幽閉中の戸田秋谷の罪は、密通によるものだとか、後半で分かるのですが、それは7年前に起きた御家騒動によるもので、殿様に可愛がられた側室である寺島しのぶの息子を殺害するために、夜中に起こった出来事。
その時、そこへ立ち会った戸田秋谷が、バッタバッタと狼藉ものを切り捨てたのだが、つまりは本妻が仕掛けたことで、自分の息子を後継者としたいがための殺害計画だったというわけ。側室のおよしの方の息子は殺されたのだが、病死にされてしまう。
ですが、当時は世継ぎ騒動での御家騒動なんてことが江戸へ知られれば、藩ごと御取り潰しに会うために、殿が戸田秋谷に頼んだことで、藩の存続のために冤罪なれど戸田秋谷が罪を一人で被ったということが明らかになる。つまりは、「義を見てせざるは、勇なきなり」罪を自ら望んで背負う、藩のために、一人の女のために、側室のおよしの方とは幼馴染の間柄だった秋谷。

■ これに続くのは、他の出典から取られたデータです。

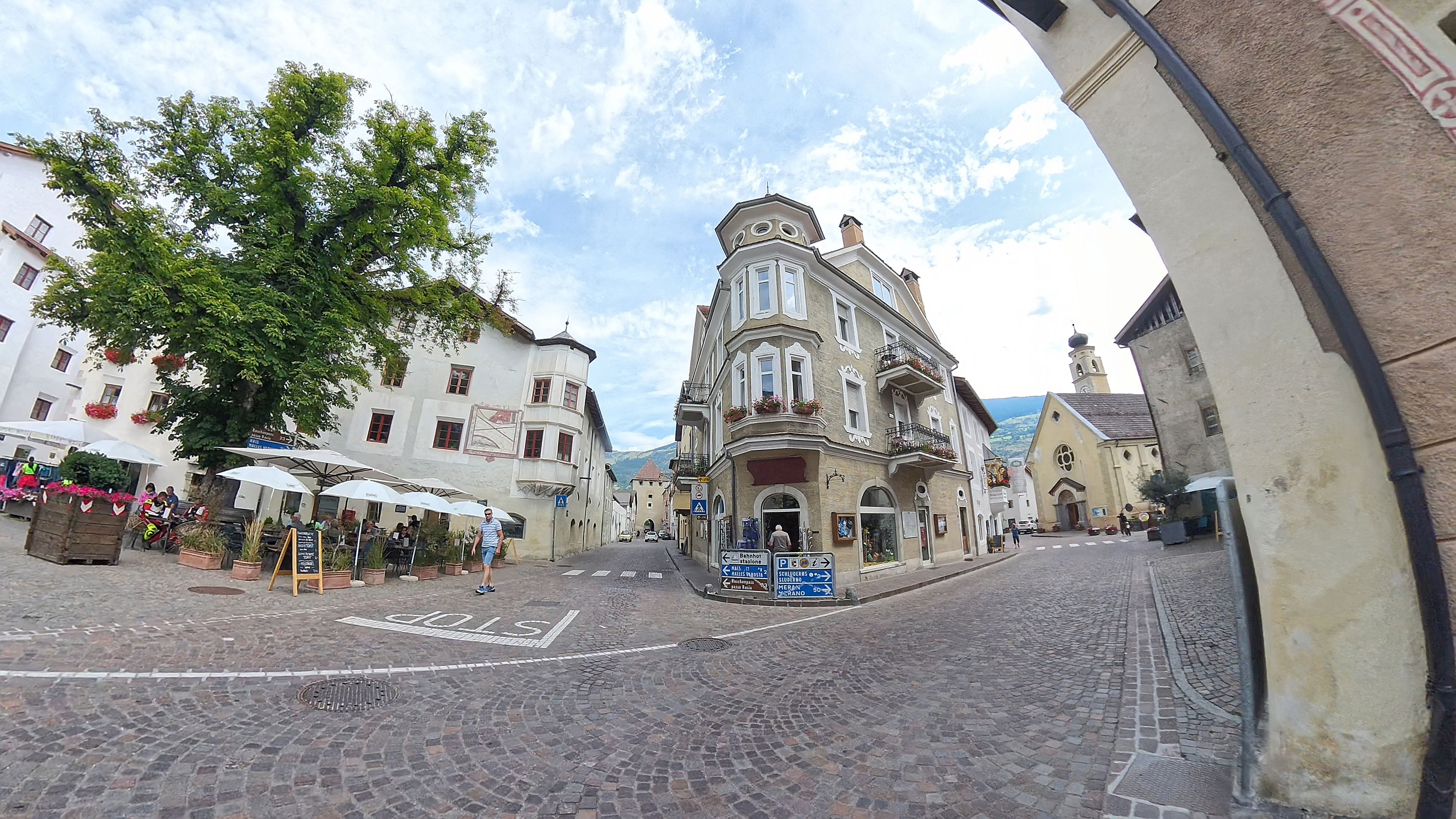S prelaza le speljemo v rahlem dežju, nato se vreme prične popravljati, med Vipitenom in Bressanone se nam pa zopet prikaže sonček. Kdor se je na prelazu oblačil v dežjaka, se tu zopet slači. Za čas našega postanka na bencinski črpalki, promet postaja vse gostejši. Vožnja do Brunecka je je zato kar malo mučna, a to tukaj moramo vzeti v zakup, tukaj je vedno gneča.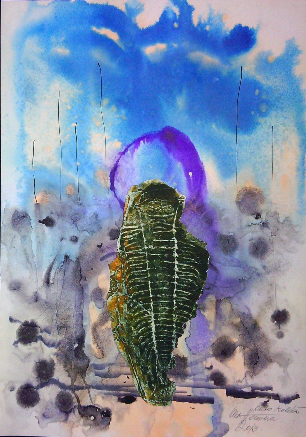 | Lavírovaná malba akvarelem a tuší kombinovaná s koláží, volný list vpravo dole autorem tužkou podepsaný a datovaný. |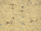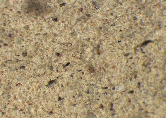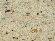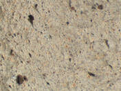 pale yellow, fine; few large darkbrown inclusions, less mica |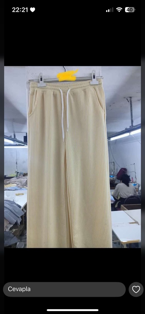 Sarı çizgili ve rahat kesime sahip kadın kumaş pantolon. Uzun boy ve yumuşak sentetik kumaştan üretilmiştir, günlük sokak stili için uygundur. Sarı kahverengi bej mavi pembe siyah renkleri vardır Kendi atölyemizde dikiyoruz s ve xxl arasi bedenler mevcut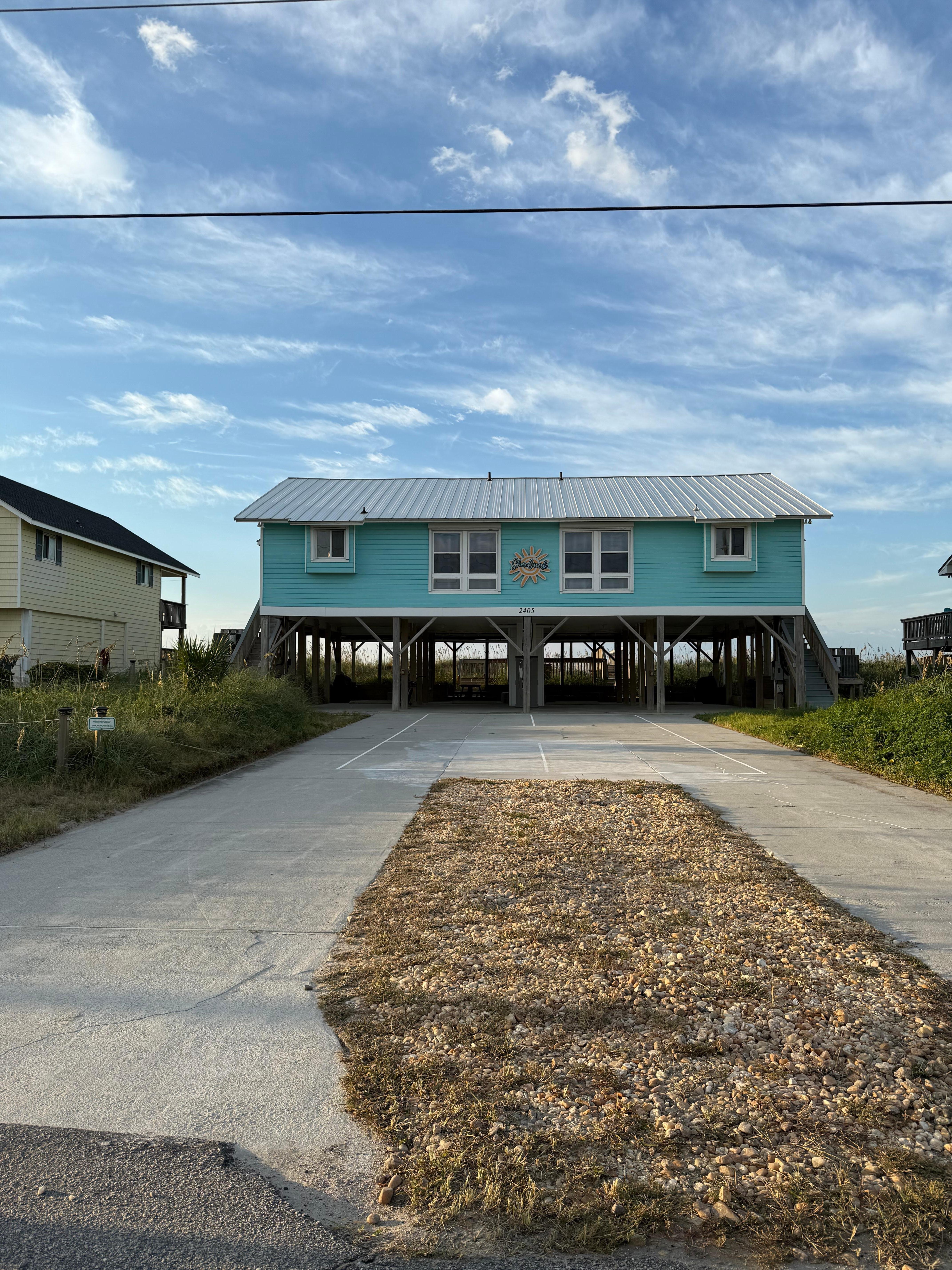 Under the house: Foot wash on dune walk for quick rinses . Open hot water shower. Parking for 4 vehicles under the house in the shade. Hot water hose for rinsing salt spray off windshields. Gas grill under the house that uses small green camping canister only. Canisters provided by guest and can be purchased at local grocery and hardware stores for about $4 a canister that lasts 2.5 hours on medium high heat.

それに、当時は、殿の奥方になる女性は、氏素性をあまり調べずにめとったようで、檀野庄三郎が後に調べると、奥方はあの憎い悪商人播磨屋の娘が旗本に養女として貰われ、殿の奥方になったというわけ。それもこれも、上の偉いサン方は全部承知で決めたこと。理不尽なことがまかり通る江戸時代の封建制度。それに、農民らは法外な年貢の取り立てに、米の借入時まで指図される始末。それで、戸田秋谷が村人を懐かせて百姓一揆を扇動しているということまで話が大きくなっていた。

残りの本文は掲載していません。